Things have always been a bit slow around here, I will admit.
A large part of that is due to the fact that I, myself, am slow. I have a regular, 40-hour per week job that eats up most of my life, then there is family, then there are the myriad hobbies which jockey for turns in claiming the couple of hours or so I have each night before bed - a time that, like some creeping, time-gobbling glacier, inches earlier and earlier into the evening every year. Team Fortress 2 has not helped at all, and that is an understatement.
The short version is that I jump into a lot of different projects and they rarely get finished before another project comes along. At least projects offer the potential for in-progress updates and content.
What do you do when the project being worked on does really exist until it is finished? A story, for example?
I began writing what I thought was going to be a short story. Nevermet is putting together an anthology of short stories and, like with almost every other project they announce, I tried to get in on the action. But the story kept going ... and going. And going. It now currently sits at 15,467 words (shooting for at least 20k) and I think I'm halfway done with it.
I won't have the 50,000+ words publishers want to see for a novel. It will fall somewhere in or around the category of being a novella, depending on who you ask. A young adult novel, perhaps, though the content may not lend itself that demographic.

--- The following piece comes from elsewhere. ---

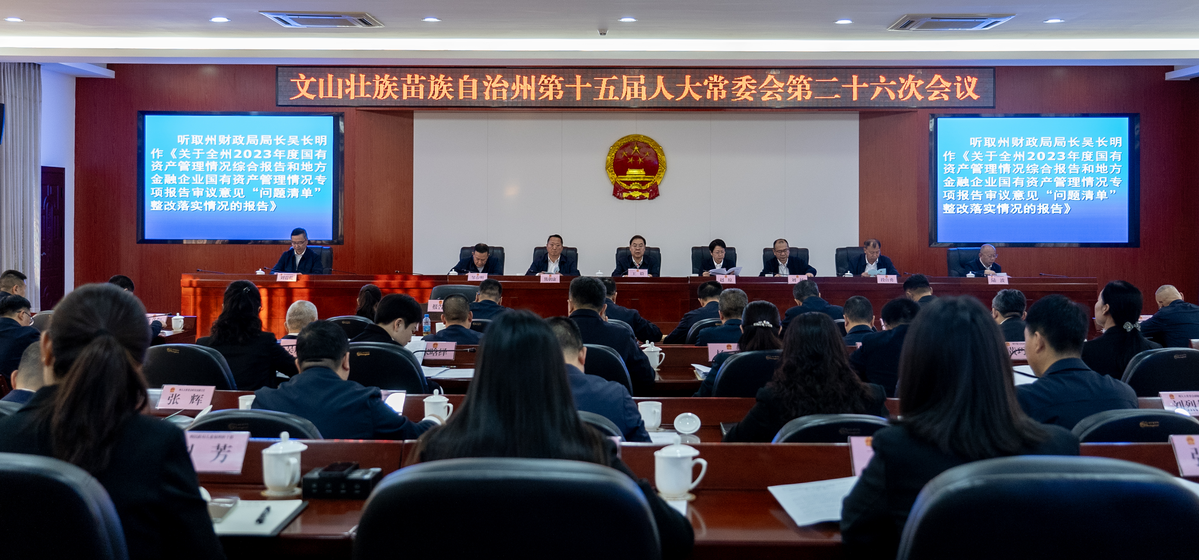 会议听取了《州人民政府关于全州 2023 年度国有资产管理情况综合报告和地方金融企业国有资产管理专项报告审议意见“问题清单”整改落实情况的报告》;审查了《州人大常委会跟踪监督组关于对全州2023年度国有资产管理情况综合报告和地方金融企业国有资产管理专项报告审议意见“问题清单”落实情况的监督报告(书面)》;听取了《州人民政府关于全州民族团结进步“十县百乡千村万户”示范引领建设工程情况报告审议意见“问题清单”整改落实情况的报告》;审查了《州人大常委会跟踪监督组关于对全州民族团结进步“十县百乡千村万户”示范引领建设工程情况报告审议意见“问题清单”落实情况的监督报告(书面)》;听取了《州人民政府关于全州推进卫生健康高质量发展情况报告审议意见“问题清单”整改落实情况的报告》;审查了《州人大常委会跟踪监督组关于对全州推进卫生健康高质量发展情况报告审议意见“问题清单”整改落实情况的监督报告(书面)》;听取了《州人民政府关于全州“一老一小”关爱服务工作情况报告审议意见“问题清单”整改落实情况的报告》;审查了《州人大常委会跟踪监督组关于对全州“一老一小”关爱服务工作情况报告审议意见“问题清单”落实情况的监督报告(书面)》;听取了《州人民政府关于全州法律援助工作情况报告审议意见“问题清单”整改落实情况的报告》;审查了《州人大常委会跟踪监督组关于对全州法律援助工作情况报告审议意见“问题清单”落实情况的监督报告(书面)》;听取了《州人民政府关于全州三七产业发展情况报告审议意见“问题清单”整改落实情况的报告》;审查了《州人大常委会跟踪监督组关于对全州三七产业发展情况报告审议意见“问题清单”落实情况的监督报告(书面)》;听取了《州中级人民法院关于全州法院审判监督工作情况报告审议意见“问题清单”整改落实情况的报告》;审查了《州人大常委会跟踪监督组关于对全州法院审判监督工作情况报告审议意见“问题清单”落实情况的监督报告(书面)》;听取了《州人大常委会主任会议关于提请审议王学祥同志免职的议案》《州人大常委会主任会议关于提请审议任命文山州第十五届人民代表大会常务委员会代表资格审查委员会副主任委员、委员的议案》《州人民检察院关于提请审议郑传达等六名同志职务任免的报告》。

But what can I say about it? I don't want to give away plot or characters or anything that might be worth stealing - I'm paranoid like that - but I do want to draw in any potential readers' interest.
I read somewhere online (Peter Shallard or Lifehacker, I think) that if you tell people what you are working on, you are less likely to finish it. That the act of sharing some how equates to the act of finishing in our brains and gives us enough of a 'rush' that we grow bored or impatient with having to continue working on it and move on to the next project.

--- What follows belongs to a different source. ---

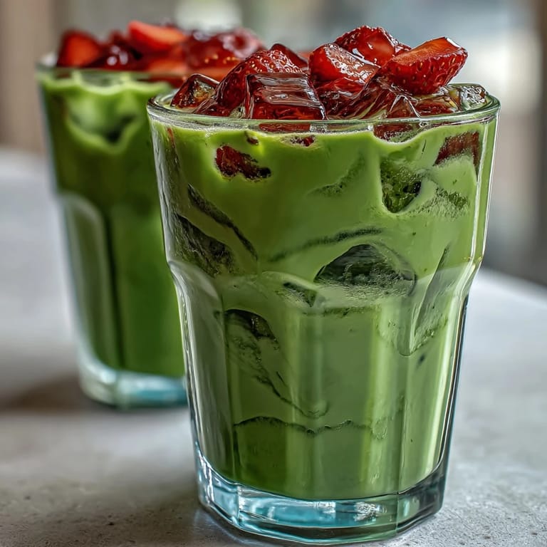 - Carefully pour matcha into each glass, letting it cascade and form your green top layer—don’t rush, this is the magic step.

So why the heck am I writing this post? Have I shared too much? Does letting the few of you who know this blog exists what I've been up to put the whole story at risk?
I think (hope) it obligates me to finish.
But really, I'm writing this because, in my mind, I think I'm staying relevant. I feel like, by saying "I'm still here!" the few you who have this feed bookmarked (or whatever) will stick around to see what happens next, that this isn't just another exercise in vanity someone started and let fall by the wayside.
I WILL have something to offer. I just don't know what. Or when. So ... see you around?